– А как же, неужто не знаете... ис-соп! Царь Давид в псалмах как взывает?.. «Окропиши мя иссо-пом... и очищуся...» На Востоке он жил, вот и восточная, потому. Сходите вкусите с братией, поучения послушайте, и во здравие питание вам будет. Сами потом скажете, вкусная какая ваша пища... С молитвы такая вкусная, освященная.

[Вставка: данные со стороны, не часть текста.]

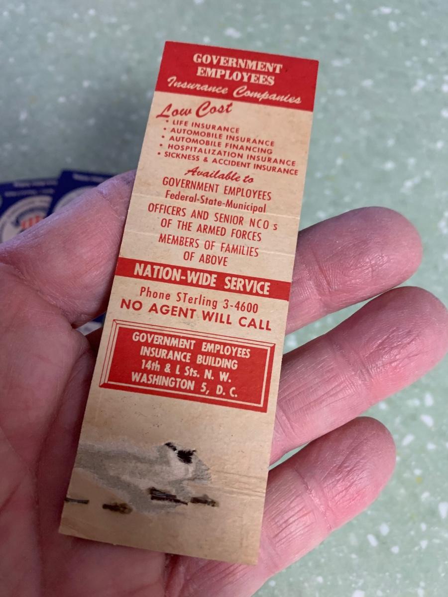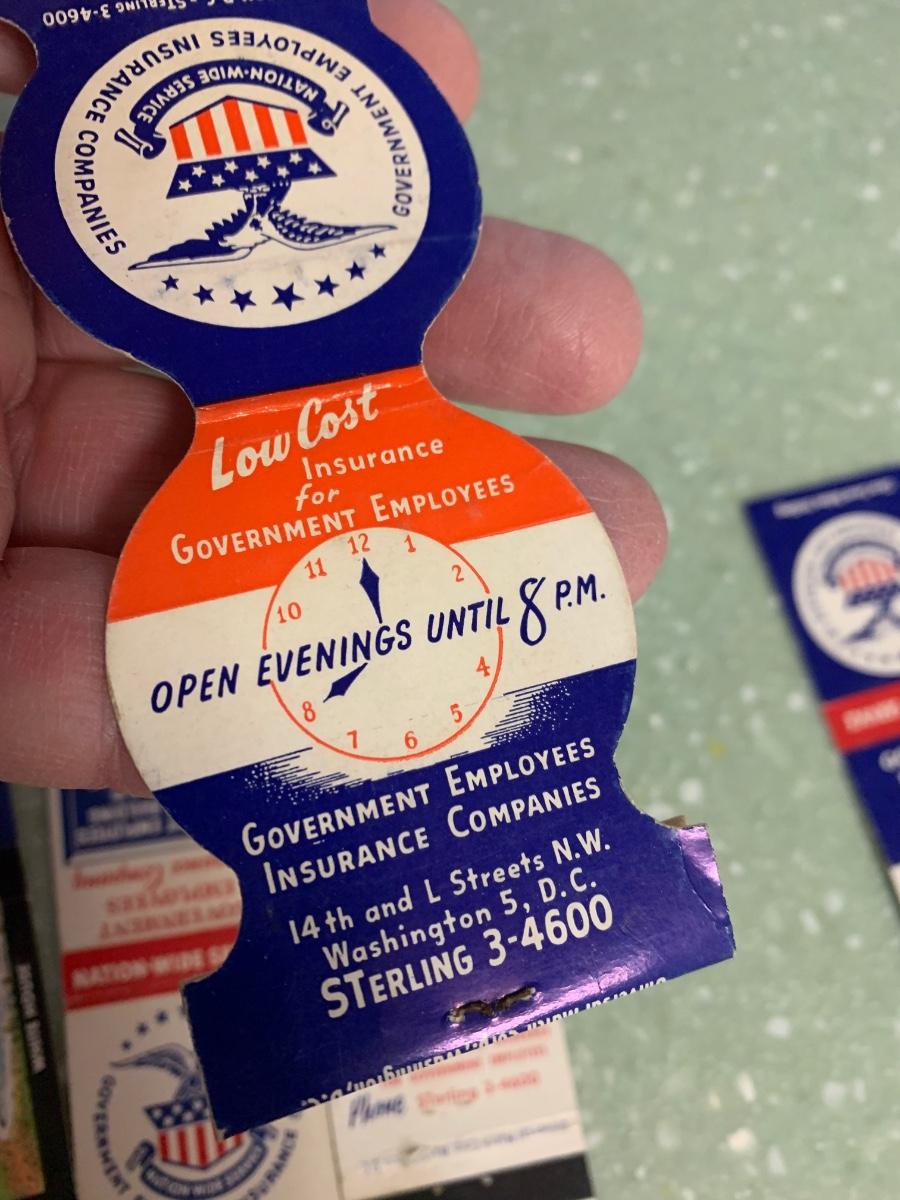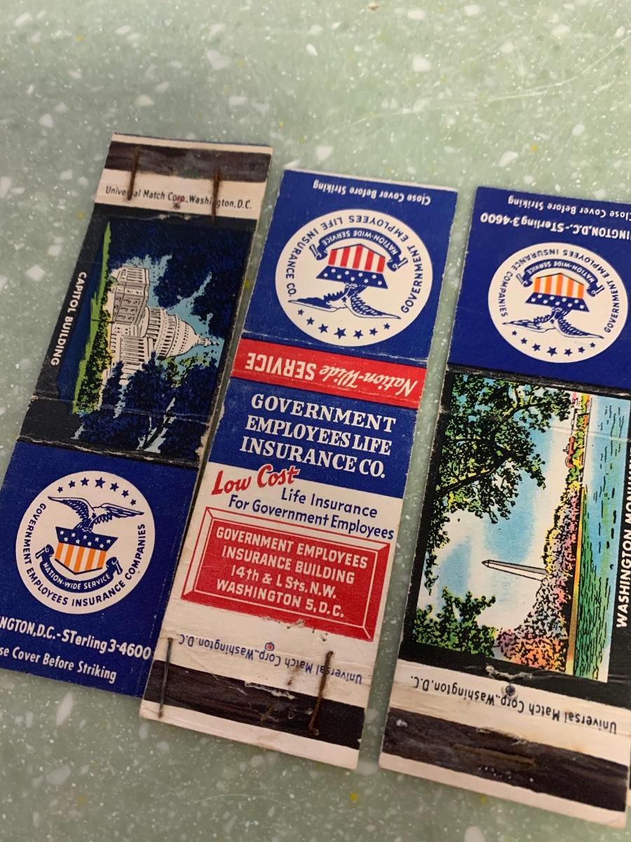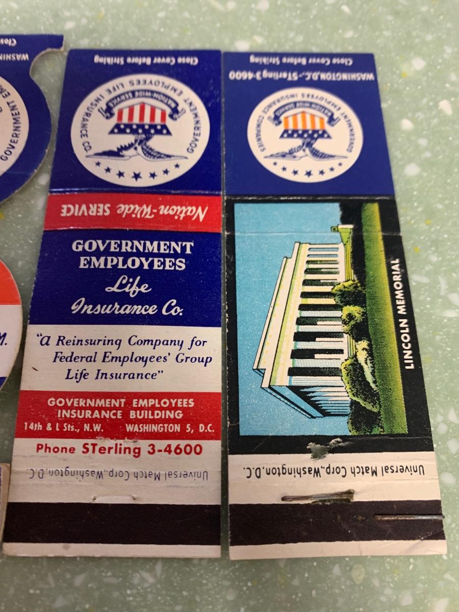 Vintage Matchbooks Government Insurance Washington DC GEICO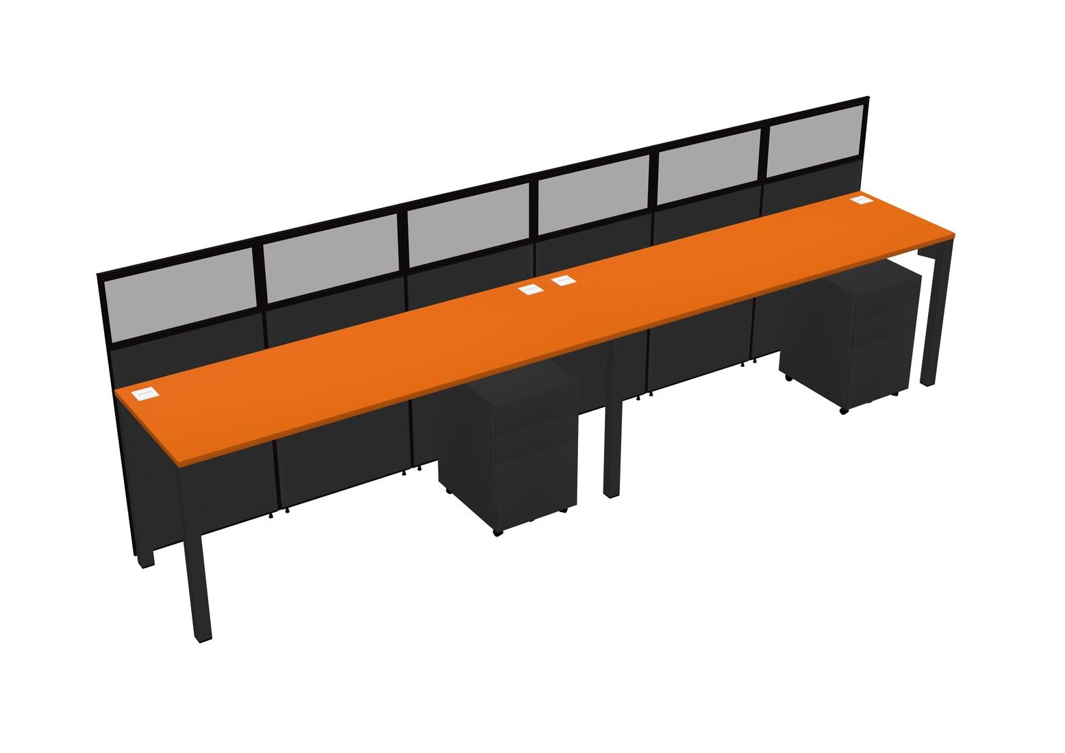 Orange Shared Rectangular Office Cubicle Panel System With Mobile Drawers For 2 Persons

Я вхожу в трапезную. Длинная, невысокая палата, своды. Вижу длинные-длинные столы, простые, непокрытые, и на них, чинными рядами, миски, светлые лиловые ложки, белые ручники, холстинные, накрывающие попарно миски, – все ровными-ровными рядами, солоницы, оловянные уполовники, приземистые широкие сосуды – чаши, будто из тускло-старинного серебра, налитые бордовым квасом, с плавающими, как уточки, ковшами, темные ломти хлеба, и эти белоснежные ручники – холстины, похожие на крылья чаек,.. – так мне напоминает былинные «бранные» столы и что-то близкое и родное мне...– рабочие праздничные столы нашего старого двора в далеком детстве? Пахнет густо и сладковато-пряно – квасом и теплым хлебом. Вдумчиво-сокровенно смотрят с пустынных стен – благословляют преподобные подвижники, в черных схимах.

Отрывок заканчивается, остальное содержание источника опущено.